Sosialisasi, Edukasi, dan Advokasi Masyarakat Sekitar Pertambangan Untuk Mengurangi Angka Korban Konflik dan Kerusakan Lingkungan dalam Penerapan UU Minerba 2020

 Latar Belakang

Di bidang sumberdaya alam, sudah tidak diragukan lagi bahwa Indonesia menyimpan sejuta kekayaan pada alamnya.  Dengan letak geografis di tengah ekuator, menyebabkan Indonesia beriklim tropis, sehingga sumberdaya alam hayati maupun non-hayati dapat berkembang dan tersebar dari Sabang sampai Merauke.  Itulah sebabnya Indonesia menjadi incaran para penjajah seperti Belanda, Inggris, Portugis dan lain-lain, bahkan sampai saat ini masih menjadi incaran negara-negara besar untuk mengambil sumberdaya alamnya, namun dengan cara yang lebih halus.  Daya tarik sumberdaya alam Indonesia selain sumberdaya alam hayati adalah sumberdaya alam mineral dan batu bara.  Berdasarkan data statistik tercatat, potensi batu bara 39,89 miliar ton, tembaga 2,76 miliar ton, nikel 3,57 miliar ton, logam besi 3 miliar ton, bauksit 2,4 miliar ton, perak 171.499 ton, serta timah 1,5 juta ton.[1]  Berdasarkan data tersebut dapat disimpulkan bahwa potensi minerba sangat melimpah, sehingga banyak pihak (Negara maju) yang tertarik untuk mendapatkannya.    

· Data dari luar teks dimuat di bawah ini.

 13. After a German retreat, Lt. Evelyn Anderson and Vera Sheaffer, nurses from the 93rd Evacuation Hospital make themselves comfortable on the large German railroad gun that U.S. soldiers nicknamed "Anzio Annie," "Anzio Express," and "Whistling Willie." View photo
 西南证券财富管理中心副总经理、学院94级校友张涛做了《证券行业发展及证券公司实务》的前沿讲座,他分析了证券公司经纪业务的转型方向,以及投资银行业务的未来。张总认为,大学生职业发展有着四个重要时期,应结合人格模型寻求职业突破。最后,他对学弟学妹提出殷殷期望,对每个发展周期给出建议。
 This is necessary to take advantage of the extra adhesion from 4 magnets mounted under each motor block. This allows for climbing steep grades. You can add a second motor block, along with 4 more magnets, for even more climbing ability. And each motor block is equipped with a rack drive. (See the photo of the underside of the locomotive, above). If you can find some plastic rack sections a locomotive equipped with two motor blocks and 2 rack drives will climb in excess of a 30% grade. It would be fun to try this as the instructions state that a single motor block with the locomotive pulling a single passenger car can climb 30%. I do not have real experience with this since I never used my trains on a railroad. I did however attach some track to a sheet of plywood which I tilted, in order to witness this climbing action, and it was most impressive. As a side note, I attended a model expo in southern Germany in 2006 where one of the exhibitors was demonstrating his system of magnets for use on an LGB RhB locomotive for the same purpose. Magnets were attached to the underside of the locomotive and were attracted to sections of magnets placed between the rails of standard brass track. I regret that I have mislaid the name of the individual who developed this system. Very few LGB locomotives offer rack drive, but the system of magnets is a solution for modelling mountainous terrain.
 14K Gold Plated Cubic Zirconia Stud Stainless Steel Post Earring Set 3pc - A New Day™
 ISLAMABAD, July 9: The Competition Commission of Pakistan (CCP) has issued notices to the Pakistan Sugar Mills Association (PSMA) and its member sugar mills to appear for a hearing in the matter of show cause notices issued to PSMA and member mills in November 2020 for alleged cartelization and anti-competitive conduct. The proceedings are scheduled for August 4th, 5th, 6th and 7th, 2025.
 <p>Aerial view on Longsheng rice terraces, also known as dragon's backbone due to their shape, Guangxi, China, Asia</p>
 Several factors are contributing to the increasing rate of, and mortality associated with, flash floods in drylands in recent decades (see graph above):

Pertambangan di Indonesia diibaratkan sebagai dua mata pisau, di satu sisi dapat menambah devisa Negara, jika dikelola dengan baik dan berkelanjutan. Di sisi lain, ekploitasi yang tidak bertanggung jawab dapat merusak lingkungan maupun sosial di daerah sekitar perusahaan pertambangan. Jaringan Advokasi Tambang (Jatam) mengemukakan bahwa terdapat 71 konflik di sektor pertambangan pada periode 2014-2019.[2] Peneliti Jatam, Ki Bagus Hadikusuma juga mencatat bahwa terdapat 33 kasus kriminalisasi dan serangan terhadap masyarakat yang menolak izin pertambangan.[3]  Konflik utamanya didominasi oleh isu lingkungan yang berujung pada konflik sosial antara masyarakat dan perusahaan pertambangan, bagi masyarakat yang menolak secara keras biasanya dikriminalisasi. Kriminalisasi dapat terjadi karena kurangnya pengetahuan masyarakat tentang aturan hukum yang berlaku. 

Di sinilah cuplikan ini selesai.